The introduction of Mosaic changed the face of the Internet. Text-based commands were no longer necessary, and it was possible to share graphics and formatted text. Use of the Web continued to grow at a staggering pace and other graphical interfaces, such as Netscape, appeared. The major limitation of the Web was that it was passive in nature. The content of Web pages was static and could not be changed ‘on-the-fly’. Interaction between the user and the page was severely restricted.

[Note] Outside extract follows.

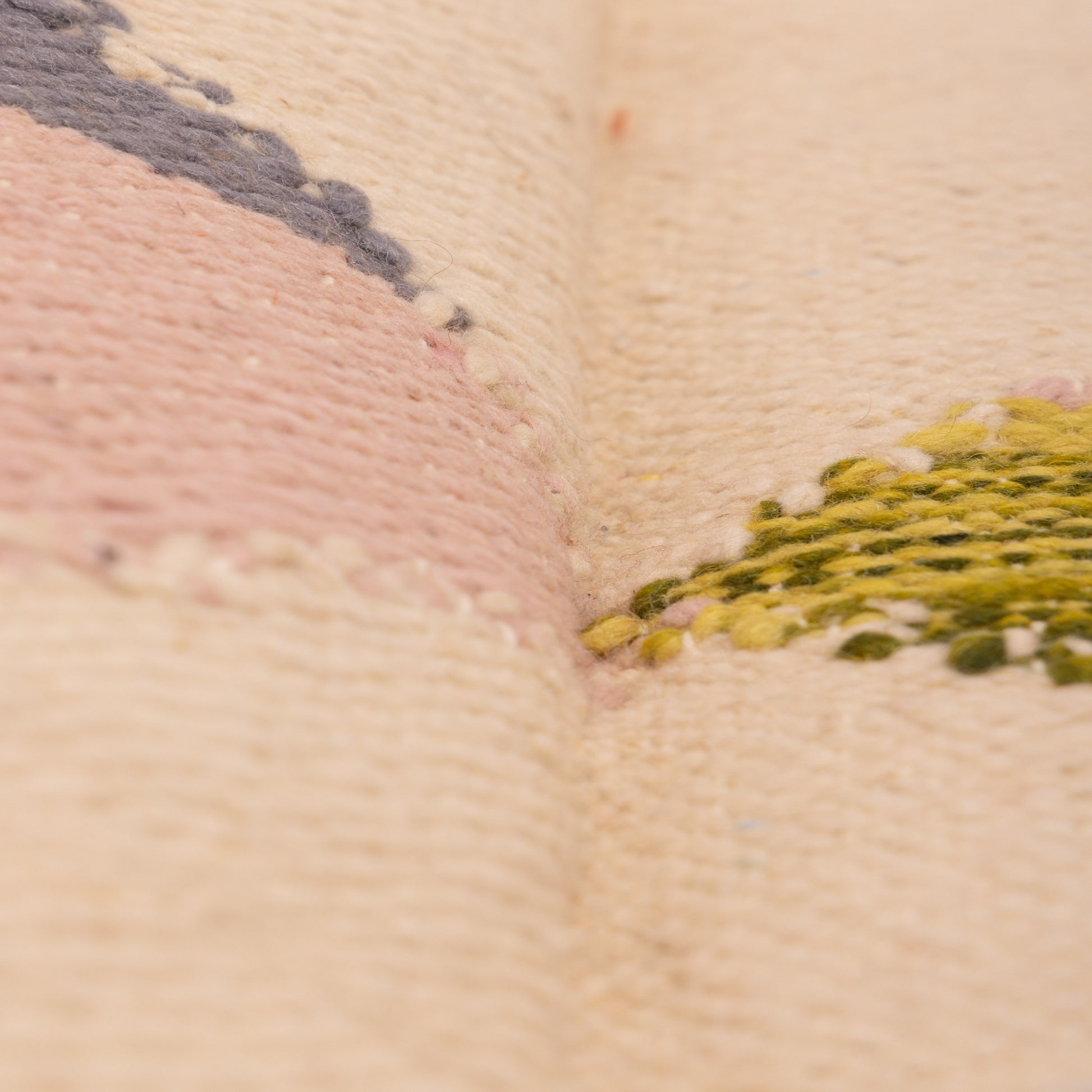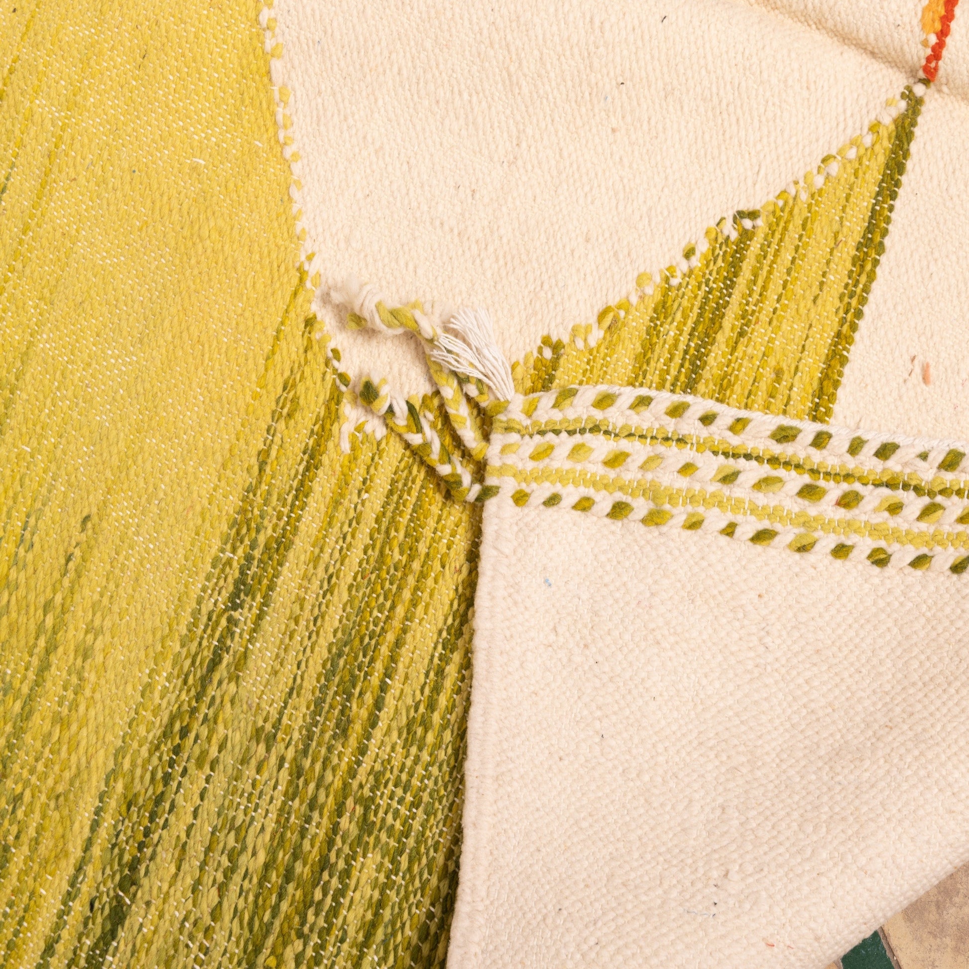 Woven from 100% wool using the time-honored Akhnif technique, this rug is lightweight, tightly constructed, and perfect for modern interiors, wall displays, or layered rug styling. Its symmetry and vibrant tones create an uplifting statement, while its handmade nature ensures every piece is truly one of a kind.

In 1990, James Gosling of Sun Microsystems began developing a new programming language designed to work with consumer electronics. The programming language, now known as Java, was designed to overcome obstacles of traditional programming languages like C or C++ and run independent of the platform. In 1993, as graphical interfaces were appearing on the Web, the creators of Java realized a platform-neutral language, such as Java, would be ideal for creating Web applications. Not only was Java platform-neutral, but it would facilitate interactivity on the Web, and in 1995 Netscape 2.0 began supporting Java applets.
Security
Hackers have made the Internet an unsafe place not only for large corporate and government computer installation, but also for the home PC user. Hackers now do not need to rely on viruses or worms to be passed from user to user via diskettes; they can access people's machines while they are on-line. This gives them a huge new playground with millions of computers. And with the introduction of Internet programs that run whenever you visit a Web site, this becomes a major problem. Java has become popular as an Internet language for this very reason. It isolates the end user from the possible harm of mischievous computer nerds. Java was designed from the ground up to be a safe and secure language. It accomplishes this in three ways; the compiler, the interpreter, and the applet. A Java compiler removes pointers and defers memory allocation until run-time. This prevents programmers from creating programs that could create pointers to restricted spaces. However, Java does not rely on the compiler to safeguard the application as compilers could be written that do not enforce these rules. So, the Java interpreter checks the byte-code at run-time. But a program could still be written that could corrupt a system by writing bad data on the hard drive. So, this is where the applet becomes important. The applet is a Web program that is downloaded and run on the users local machine. Applets are embedded into an HTML Web page, and provides the user with interesting graphics and user interaction. The user typically does not even know that an applet is running. The interesting feature about the applet is that while checking the program for bad pointers into system memory, it also forces the program to run in a "shell" completely isolating it from the local computer's components (e.g. hard drive and the communications ports). Because of this, no external devices can "talk" to the applet running on the computer. Since VRML and Java run together in an applet to provide the graphical worlds that you see and interact with, there is no way to directly control the application with any device other than a mouse. This "side-effect" of Java will be revisited in the following chapter.